Interpretation of Temperature

Question

In differential form, the First Law of thermodynamics can be phrased as

$$ dU = T\,dS - P\,dV + \sum_{j = 1}^N \mu_j\, dn_j, \quad (1)$$

or equivalently as

$$ dU = \left( \frac{\partial U}{\partial S}\right)dS - \left( \frac{\partial U}{\partial V} \right) dV + \sum_{j = 1}^N \left(\frac{\partial U}{\partial n_j}\right)dn_j. \quad (2)$$

This latter expression shows how each of the intensive variables of the system (i.e. temperature, pressure and chemical potential) represent something akin to energy per unit extensive quantity. For example, one can think of pressure as the energy of the system per unit volume. Likewise, one can consider chemical potential to be the energy of the system per unit particle. Now, the analogy seems to break down when one tries to think of temperature in the same way. The temperature is… the system energy per unit of entropy? What the heck does that mean?

Answer 1

The analogy does not break down at all, on the contrary it means exactly that: temperature is the system's internal energy per unit entropy increase while the other extensive parameters are kept constant. Entropy is the active agent of thermal interaction whose transport from one potential (temperature) to another is the reason for work performed, just as gravitational mass or electric charge are the agents of gravitational work or electric work, resp., mass or charge moves from one potential to another.

Answer 2

The answers saying that temperature is the energy per unit entropy are fine, but I think you must have already considered this and found it unsatisfying. Let me try to develop some intuition about entropy (which is a minefield, I know). Entropy is roughly proportional to the number of degrees of freedom or, more colloquially, with the number of moving parts.

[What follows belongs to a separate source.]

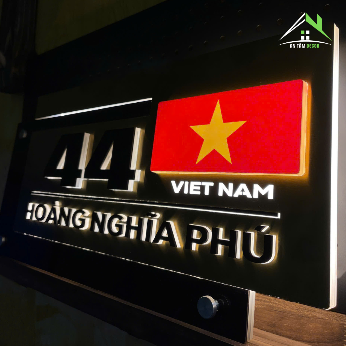 Biển số nhà inox nền vàng kết hợp cờ Việt Nam nổi mang phong cách hiện đại, sang trọng và đầy tinh thần dân tộc. Thiết kế nổi bật với số nhà rõ ràng, dễ nhìn cả ngày lẫn đêm nhờ hệ thống đèn LED chiếu sáng.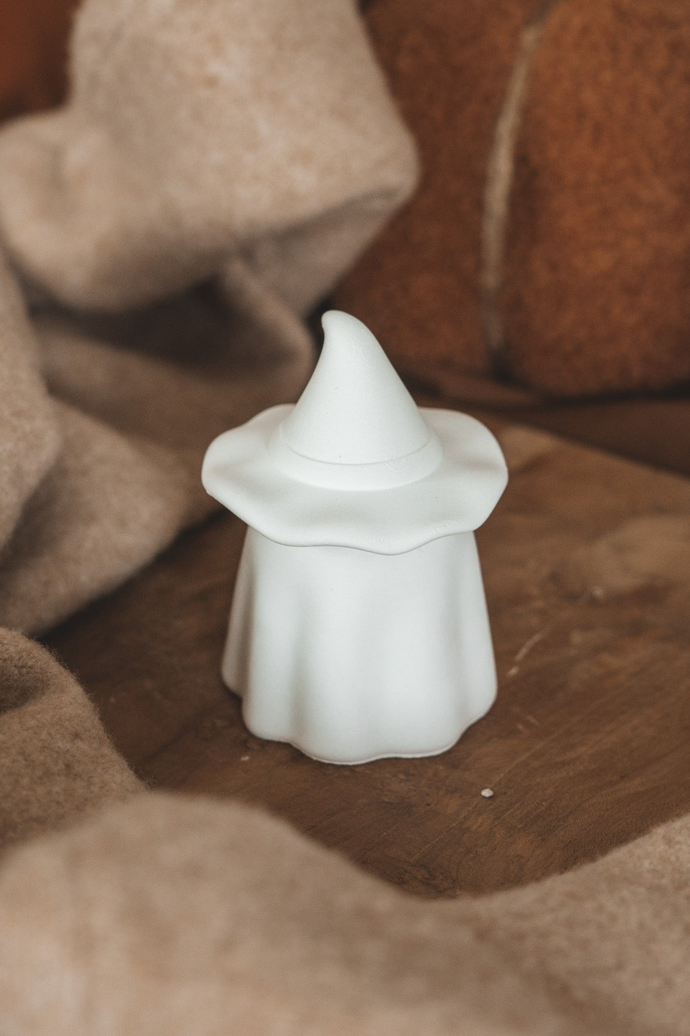O Pequeno Fantasma é uma peça de cerâmica encantadora para o Halloween. Fofo, divertido e cheio de personalidade, traz um toque de magia a qualquer cantinho—perfeito para dares à tua casa aquele espírito acolhedor e festivo da estação.

For instance, for a molecule with N rotatable bonds and 3 accessible rotation states for each bond, the conformational entropy is $S = k \ln (3^N) = kN \ln(3)$. This is consistent with the idea that the entropy is proportional to the number of moving parts (in this case, rotatable bonds).

So, we can think of temperature as being roughly like the amount energy per degree of freedom or the amount of energy per moving part of the object.

Does this intuitive picture work? Let's say we have a small solid object, like a block of iron. Compared to a larger block of iron, it has few degrees of freedom. If the small block and large block have the same energy, the small block has a higher temperature than the large block. So, for simple situations like this, the picture gives the right intuition.

Answer 3

As hyportnex's nice answer says, there is nothing wrong with this analogy at all. The thermodynamic definition of temperature is, $$T = \frac{\partial U}{\partial S} $$ The fact that this is an incredibly weird and unintuitive statement is actually one of the reasons that thermodynamics is so powerful; it tells us surprising things about the behavior of the world in a truly fundamental way.

Just to build off of why there is some rationality behind the connection of entropy and temperature, one definition of the entropy in thermodynamics, attributed to Rudolf Clausius, is, $$ dS = \frac{\delta q_{rev}}{T}$$ where $\delta q_{rev}$ is the inexact differential for heat transfer in a reversible process. By doing some further work, you can arrive at the Clausius inequality for any process, $$ dS \geq \frac{\delta q}{T}$$ The reason that I bring this up is that the only things you need to argue that heat flows from hotter bodies to colder ones are the Clausius inequality and the second law of thermodynamics. This means that because of the spontaneity condition $dS \geq 0$ for an isolated system coming to equilibrium, we will always have changes in temperature that correspond to our physical intuition; heat will flow into the system if it is colder than the surroundings and out of it if it is warmer.